--- START ---

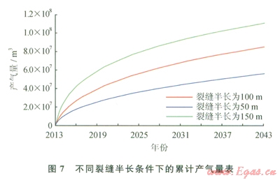 頁巖儲(chǔ)層的體積壓裂改造,通過多方向人丁縫裂溝通更多的天然裂縫,增加泄流面積。圖7和圖8分別模擬了不同裂縫半長(zhǎng)和不同裂縫間距條件下的單井模型累計(jì)產(chǎn)氣量的對(duì)比情況,表5和表6分別給出了具體的累計(jì)產(chǎn)氣量。結(jié)合圖7和表5、圖8和表6可以看出,當(dāng)體積壓裂形成的主裂縫較短或分段壓裂的級(jí)數(shù)較少時(shí),增加主裂縫的長(zhǎng)度和分段壓裂的級(jí)數(shù)都可以使累計(jì)產(chǎn)氣量顯著提高。但從模擬結(jié)果來看,當(dāng)裂縫半長(zhǎng)超過l00m后,再繼續(xù)增加裂縫的長(zhǎng)度,累計(jì)產(chǎn)氣量的增幅越來越小,同樣隨著分段壓裂級(jí)數(shù)的增加,累計(jì)產(chǎn)氣量的增幅也是越來越小的。
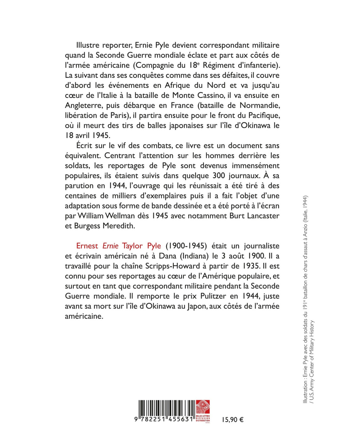 Illustre reporter, Ernie Pyle devient correspondant militaire quand la Seconde Guerre mondiale éclate et part aux côtés del’armée américaine (Compagnie du 18e Régiment d’infanterie). La suivant dans ses conquêtes comme dans ses défaites, il couvre d’abord les événements en Afrique du Nord et va jusqu’au coeur de l’Italie à la bataille de Monte Cassino, il va ensuite en Angleterre, puis débarque en France (bataille de Normandie, libération de Paris), il partira ensuite pour le front du Pacifique, où il meurt des tirs de balles japonaises sur l’île d’Okinawa le 18 avril 1945.
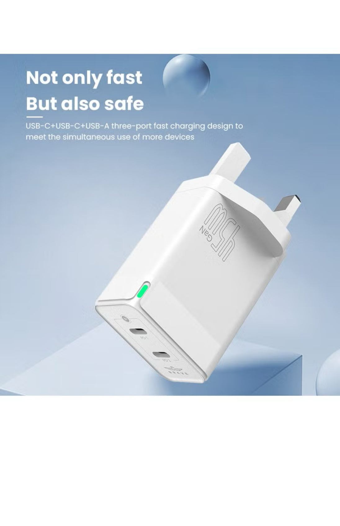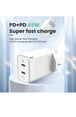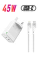 45W PD GaN Charger with 2 USB-C Ports + USB-C to Lightning Cable – Compatible with iPhone and Samsung – UK Plug
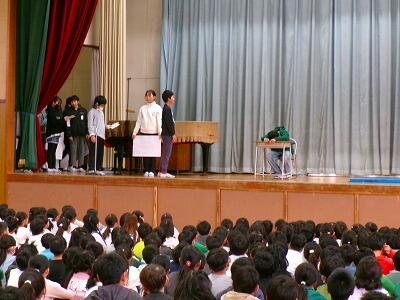 第2学期終業式は、インフルエンザ等で欠席する子が増加傾向にあり、蔓延を防ぐため、放送で実施しました。式では、各学年の代表児童が2学期にがんばったことを披露してくれました。
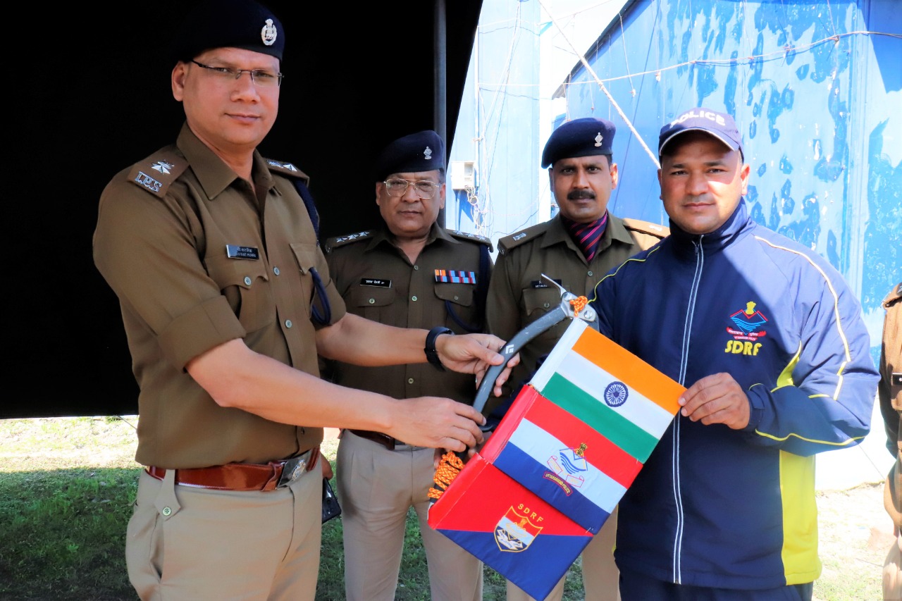 श्री मणिकांत मिश्रा, सेनानायक SDRF द्वारा आरक्षी राजेन्द्र नाथ को अफ्रीका महाद्वीप की सबसे ऊंची चोटी माउंट क्लीमेंजारो के सफल आरोहण हेतु किया फ्लैग ऑफ
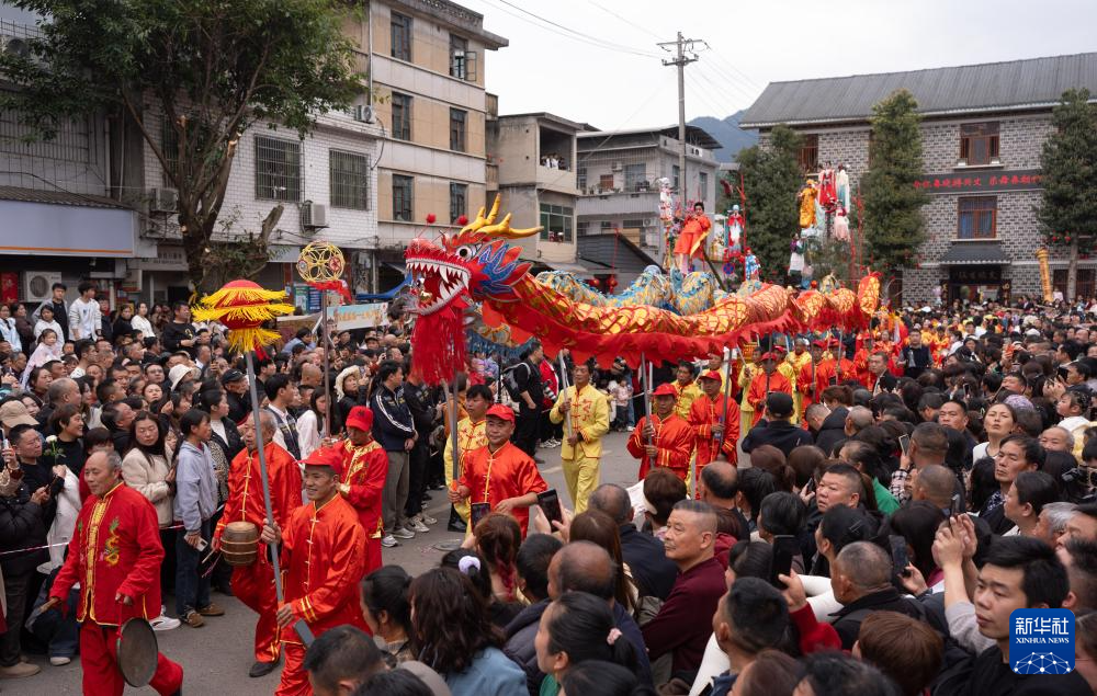3月21日,在四川省兴文县大坝苗族乡晏州社区,龙灯队开启大坝高装非遗巡游。

--- END ---

▸ Assignment
Set down the records again exactly as they appear, leaving each picture behind.

▸ Written reply
 頁巖儲(chǔ)層的體積壓裂改造,通過多方向人丁縫裂溝通更多的天然裂縫,增加泄流面積。圖7和圖8分別模擬了不同裂縫半長(zhǎng)和不同裂縫間距條件下的單井模型累計(jì)產(chǎn)氣量的對(duì)比情況,表5和表6分別給出了具體的累計(jì)產(chǎn)氣量。結(jié)合圖7和表5、圖8和表6可以看出,當(dāng)體積壓裂形成的主裂縫較短或分段壓裂的級(jí)數(shù)較少時(shí),增加主裂縫的長(zhǎng)度和分段壓裂的級(jí)數(shù)都可以使累計(jì)產(chǎn)氣量顯著提高。但從模擬結(jié)果來看,當(dāng)裂縫半長(zhǎng)超過l00m后,再繼續(xù)增加裂縫的長(zhǎng)度,累計(jì)產(chǎn)氣量的增幅越來越小,同樣隨著分段壓裂級(jí)數(shù)的增加,累計(jì)產(chǎn)氣量的增幅也是越來越小的。
 Illustre reporter, Ernie Pyle devient correspondant militaire quand la Seconde Guerre mondiale éclate et part aux côtés del’armée américaine (Compagnie du 18e Régiment d’infanterie). La suivant dans ses conquêtes comme dans ses défaites, il couvre d’abord les événements en Afrique du Nord et va jusqu’au coeur de l’Italie à la bataille de Monte Cassino, il va ensuite en Angleterre, puis débarque en France (bataille de Normandie, libération de Paris), il partira ensuite pour le front du Pacifique, où il meurt des tirs de balles japonaises sur l’île d’Okinawa le 18 avril 1945.
 45W PD GaN Charger with 2 USB-C Ports + USB-C to Lightning Cable – Compatible with iPhone and Samsung – UK Plug
 第2学期終業式は、インフルエンザ等で欠席する子が増加傾向にあり、蔓延を防ぐため、放送で実施しました。式では、各学年の代表児童が2学期にがんばったことを披露してくれました。
 श्री मणिकांत मिश्रा, सेनानायक SDRF द्वारा आरक्षी राजेन्द्र नाथ को अफ्रीका महाद्वीप की सबसे ऊंची चोटी माउंट क्लीमेंजारो के सफल आरोहण हेतु किया फ्लैग ऑफ
3月21日,在四川省兴文县大坝苗族乡晏州社区,龙灯队开启大坝高装非遗巡游。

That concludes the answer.